ENTRIES PROVIDED
▬▬▬

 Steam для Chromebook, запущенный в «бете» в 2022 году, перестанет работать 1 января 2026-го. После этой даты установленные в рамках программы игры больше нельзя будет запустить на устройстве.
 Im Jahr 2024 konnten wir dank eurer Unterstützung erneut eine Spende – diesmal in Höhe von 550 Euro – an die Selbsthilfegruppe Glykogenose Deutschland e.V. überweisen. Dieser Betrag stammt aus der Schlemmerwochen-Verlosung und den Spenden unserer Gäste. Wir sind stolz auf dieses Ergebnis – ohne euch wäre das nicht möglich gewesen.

▬▬▬

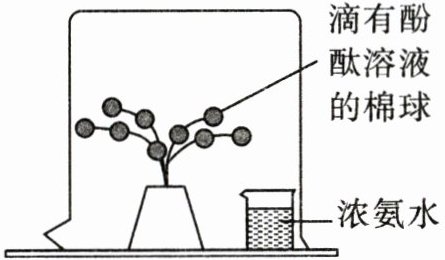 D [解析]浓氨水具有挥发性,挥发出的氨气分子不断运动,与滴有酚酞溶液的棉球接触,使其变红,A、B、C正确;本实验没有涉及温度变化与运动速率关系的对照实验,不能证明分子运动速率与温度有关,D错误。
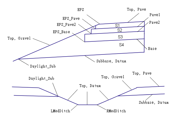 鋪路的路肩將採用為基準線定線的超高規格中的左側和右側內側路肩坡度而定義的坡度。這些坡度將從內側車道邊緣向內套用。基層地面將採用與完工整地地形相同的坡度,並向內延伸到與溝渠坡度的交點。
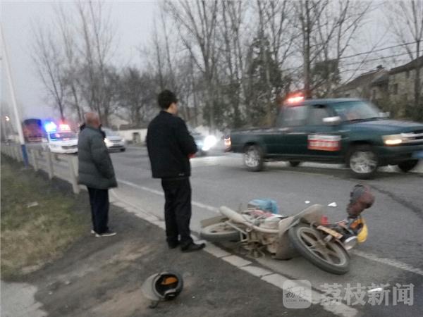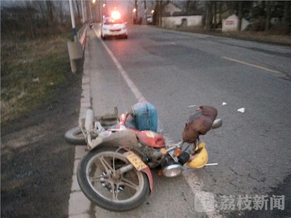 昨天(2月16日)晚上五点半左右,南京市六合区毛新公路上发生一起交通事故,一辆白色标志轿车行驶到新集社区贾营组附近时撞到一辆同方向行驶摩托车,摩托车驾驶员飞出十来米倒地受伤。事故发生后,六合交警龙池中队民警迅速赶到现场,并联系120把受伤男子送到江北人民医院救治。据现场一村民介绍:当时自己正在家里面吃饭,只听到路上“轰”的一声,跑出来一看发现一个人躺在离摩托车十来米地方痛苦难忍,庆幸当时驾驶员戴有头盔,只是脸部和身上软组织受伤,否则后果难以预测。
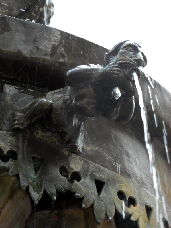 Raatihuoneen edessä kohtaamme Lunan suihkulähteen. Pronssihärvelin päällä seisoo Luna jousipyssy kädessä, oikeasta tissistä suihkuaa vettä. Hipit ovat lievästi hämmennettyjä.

▬▬▬

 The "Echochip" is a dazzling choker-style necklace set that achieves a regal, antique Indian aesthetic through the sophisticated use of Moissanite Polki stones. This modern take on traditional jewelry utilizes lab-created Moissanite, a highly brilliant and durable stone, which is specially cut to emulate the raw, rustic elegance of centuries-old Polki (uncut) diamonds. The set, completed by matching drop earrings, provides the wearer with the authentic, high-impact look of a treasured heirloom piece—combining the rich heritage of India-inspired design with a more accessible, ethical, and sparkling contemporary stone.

▬▬▬

WHAT IS REQUIRED
Reproduce the lines above starting at the one with "昨天(2月16日)晚上五点半" and ending at the one with "Raatihuoneen edessä kohtaamme", both included, exactly and with no pictures.

TASK RESULT
 昨天(2月16日)晚上五点半左右,南京市六合区毛新公路上发生一起交通事故,一辆白色标志轿车行驶到新集社区贾营组附近时撞到一辆同方向行驶摩托车,摩托车驾驶员飞出十来米倒地受伤。事故发生后,六合交警龙池中队民警迅速赶到现场,并联系120把受伤男子送到江北人民医院救治。据现场一村民介绍:当时自己正在家里面吃饭,只听到路上“轰”的一声,跑出来一看发现一个人躺在离摩托车十来米地方痛苦难忍,庆幸当时驾驶员戴有头盔,只是脸部和身上软组织受伤,否则后果难以预测。
 Raatihuoneen edessä kohtaamme Lunan suihkulähteen. Pronssihärvelin päällä seisoo Luna jousipyssy kädessä, oikeasta tissistä suihkuaa vettä. Hipit ovat lievästi hämmennettyjä.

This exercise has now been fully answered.